Near-Realtime - Points at a load balanced pool of read-only SQL Servers that are getting updated by replication or log shipping. In your original design, these lived on the web servers, but that's dangerous practice and a maintenance nightmare. SQL Server needs a lot of memory (not to mention money for licensing) and you don't want to be tied into adding a database server for every single web server.
Delayed Reporting - In your environment right now, it's going to point to the same load-balanced pool of subscribers, but down the road you can use a technology like log shipping to have a pool of servers 8-24 hours behind. These scale out really well, but the data's far behind. It's great for reporting, search, long-term history, and other non-realtime needs.

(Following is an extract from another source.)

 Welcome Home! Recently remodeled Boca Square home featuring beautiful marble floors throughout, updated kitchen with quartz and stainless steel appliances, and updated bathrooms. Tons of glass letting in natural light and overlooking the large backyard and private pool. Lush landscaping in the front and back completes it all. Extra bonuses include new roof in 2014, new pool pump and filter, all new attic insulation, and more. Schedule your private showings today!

If you design your app to use those 3 connection strings from the start, scaling is a lot easier, and doesn't involve any coding complexity - just pick the right connection string.
Have you considered memcached? Since it is:
in memory
can run locally
fully scalable horizontally
prevents the need to re-cache on each web server
It may fit the bill. Check out Google for lots of details and usage stories.

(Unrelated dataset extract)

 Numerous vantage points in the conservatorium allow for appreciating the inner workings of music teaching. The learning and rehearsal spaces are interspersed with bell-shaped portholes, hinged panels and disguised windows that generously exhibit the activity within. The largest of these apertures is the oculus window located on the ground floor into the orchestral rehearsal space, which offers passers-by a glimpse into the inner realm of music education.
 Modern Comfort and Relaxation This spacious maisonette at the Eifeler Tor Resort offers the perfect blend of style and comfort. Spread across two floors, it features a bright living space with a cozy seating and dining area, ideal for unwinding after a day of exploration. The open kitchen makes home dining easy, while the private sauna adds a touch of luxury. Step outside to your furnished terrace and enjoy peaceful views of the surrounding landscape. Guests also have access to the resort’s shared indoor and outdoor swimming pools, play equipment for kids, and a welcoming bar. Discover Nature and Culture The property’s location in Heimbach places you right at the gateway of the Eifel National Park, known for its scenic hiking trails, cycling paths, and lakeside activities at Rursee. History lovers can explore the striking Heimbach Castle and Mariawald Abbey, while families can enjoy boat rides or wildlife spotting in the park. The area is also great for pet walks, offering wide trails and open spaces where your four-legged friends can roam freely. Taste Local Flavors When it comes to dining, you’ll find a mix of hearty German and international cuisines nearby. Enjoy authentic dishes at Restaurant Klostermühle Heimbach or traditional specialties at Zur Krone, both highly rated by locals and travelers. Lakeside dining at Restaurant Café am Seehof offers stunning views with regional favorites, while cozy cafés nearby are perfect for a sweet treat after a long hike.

Just some addition to what RickNZ proposed above..
Since your master data which you are caching currently won't change so frequently and probably over some maintenance window, here is what should you do first on database side:
Create a SNAPSHOT replication for the master tables which you want to cache. Adding new entities will be equally easy.
On all the webservers, install SQL Express and subscribe to this Publication.

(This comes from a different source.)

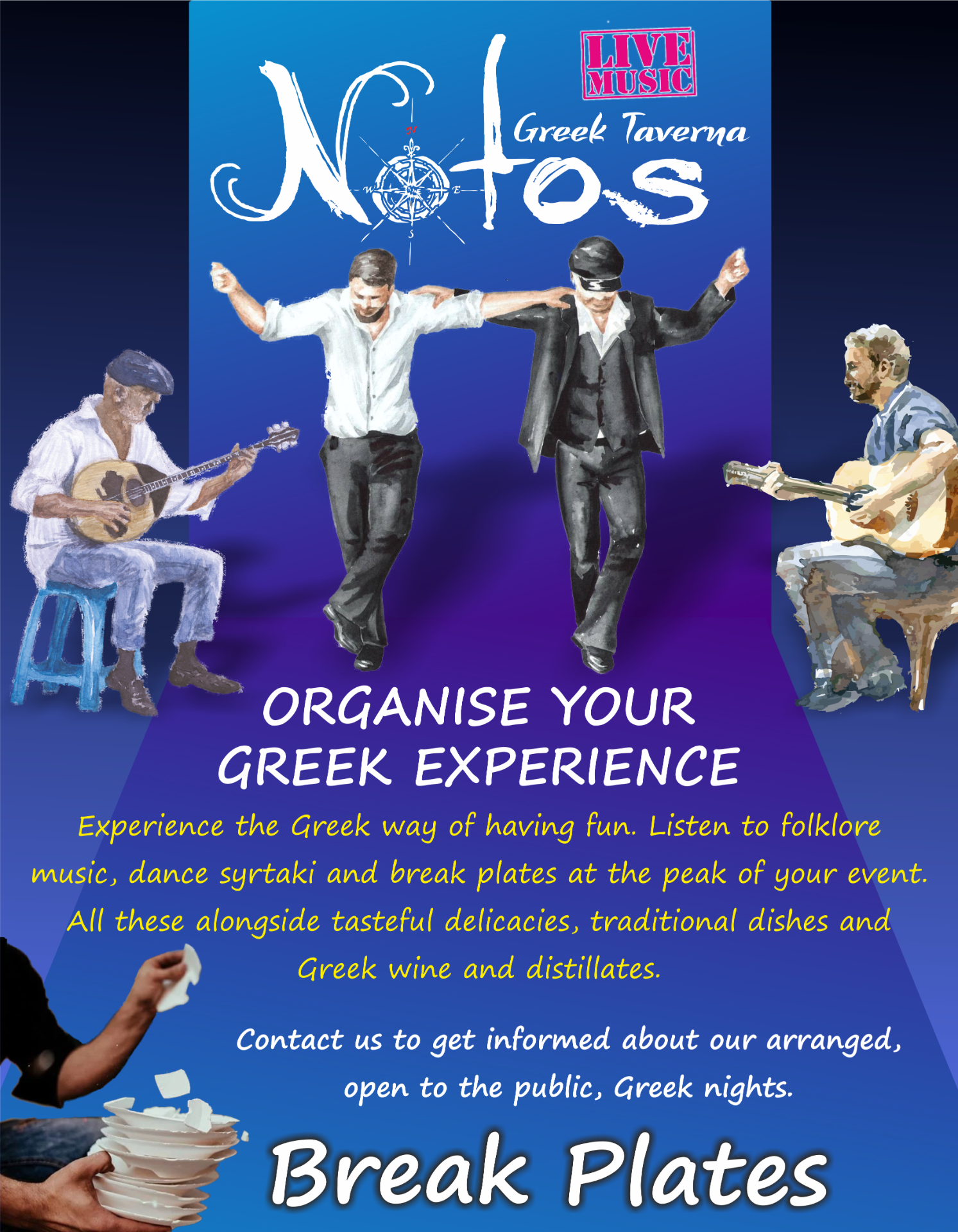 With much love and respect for our tradition, we created dishes inspired by places around Greece. Homemade dishes, original recipes prepared with pure and fresh ingredients by local producers. Local meats, fresh fish and a big variety of delicacies that will satisfy even the most demanding connoisseurs. Every week our musicians will keep you company with traditional Greek music.

Since, this is not a frequently changing data, you can rest assure, no much server resource usage issue minus network trips for master data.
All your caching which was available via previous mechanism is still availbale minus all headache which comes when you add new entities.
Next, you can leverage .NET mechanisms as suggested above. You won't face memcached cluster failure unless your webserver itself goes down. There is a lot availble in .NET which a .NET pro can point out after this stage.
It seems to me that Windows Server AppFabric is exactly what you are looking for. (AKA "Velocity"). From the introductory documentation:
Windows Server AppFabric provides a
distributed in-memory application
cache platform for developing
scalable, available, and
high-performance applications.
AppFabric fuses memory across multiple
computers to give a single unified
cache view to applications.
Applications can store any
serializable CLR object without
worrying about where the object gets
stored. Scalability can be achieved by
simply adding more computers on
demand. The cache also allows for
copies of data to be stored across the
cluster, thus protecting data against
failures. It runs as a service
accessed over the network. In
addition, Windows Server AppFabric
provides seamless integration with
ASP.NET that enables ASP.NET session
objects to be stored in the
distributed cache without having to
write to databases. This increases
both the performance and scalability
of ASP.NET applications.
Have you considered using SqlDependency caching?
You could also write the data to the local disk at the web tier, if you're concerned about initial start-up time or DB outages. But at least with a SqlDependency, you shouldn't have to poll the DB to look for changes. It can also be made relatively transparent.
In my experience, adding a DB instance on web servers generally doesn't work out too well from a scalability or performance perspective.
If you're concerned about performance and scalability, you might consider partitioning your data tier. The specifics depend on your app, but as an example, you could move read-only data onto a couple of SQL Express servers that are populated with replication.
In case it helps, I talk about this subject at length in my book (Ultra-Fast ASP.NET).